Zhou K, Wang Y, Peng W, Sun J, Qing Y M, Mo X M
Department of Cardiology, The Affiliated Children's Hospital of Nanjing Medical University, Nanjing, China.
Department of Neonatology, The Affiliated Children's Hospital of Soochow University, Soochow, China.
Genet Mol Res. 2014 May 16;13(2):3805-11. doi: 10.4238/2014.May.16.4.

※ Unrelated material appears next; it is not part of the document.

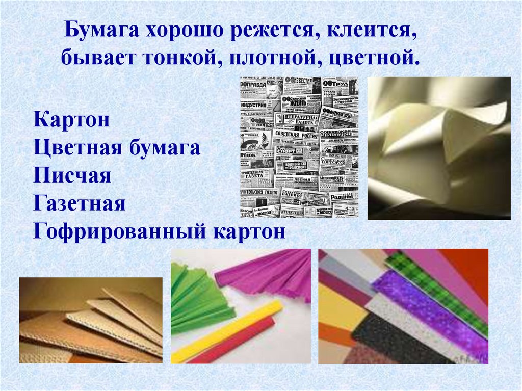 Бумага хорошо режется, клеится,бывает тонкой, плотной, цветной.

The endothelial NO synthase (eNOS) enzyme is expressed during the early stages of cardiogenesis and plays an important role in normal heart development. Genetic variations of eNOS G894T have been shown to influence individual susceptibility to some phenotypes of congenital heart disease (CHD) in different populations. We conducted a case-control study comprised of 945 CHD patients and 972 non-CHD individuals in a Chinese population. Two functional single nucleotide polymorphisms (SNPs) (T-786C: rs2070744 and G894T: rs1799983) and one tagging SNP (rs7830) were evaluated in our study, and we assessed their association with the risk of CHD. Compared with the rs7830 CC/AC genotypes, the eNOS rs7830 AA genotype showed a significantly increased risk of CHD (adjusted odds radio (OR) = 1.45, 95% confidence interval (CI = 1.13-1.85). A stratified analysis was performed and showed that the association between the rs7830 AA genotype and CHD risk was stronger in patients with perimembranous ventricular septal defects (adjusted OR = 1.62, 95%CI = 1.20-2.20). Our results suggest that the eNOS rs7830 polymorphism may contribute to the susceptibility of sporadic CHD in a Chinese population.
内皮型一氧化氮合酶(eNOS)在心脏发生的早期阶段表达,在正常心脏发育中起重要作用。已表明eNOS G894T的基因变异会影响不同人群中个体对某些先天性心脏病(CHD)表型的易感性。我们在中国人群中进行了一项病例对照研究,包括945例CHD患者和972例非CHD个体。在我们的研究中评估了两个功能性单核苷酸多态性(SNP)(T-786C:rs2070744和G894T:rs1799983)以及一个标签SNP(rs7830),并评估了它们与CHD风险的关联。与rs7830 CC/AC基因型相比,eNOS rs7830 AA基因型显示CHD风险显著增加(调整后的比值比(OR)= 1.45,95%置信区间(CI = 1.13 - 1.85)。进行了分层分析,结果显示rs7830 AA基因型与CHD风险之间的关联在膜周部室间隔缺损患者中更强(调整后的OR = 1.62,95%CI = 1.20 - 2.20)。我们的结果表明,eNOS rs7830多态性可能导致中国人群中散发性CHD的易感性。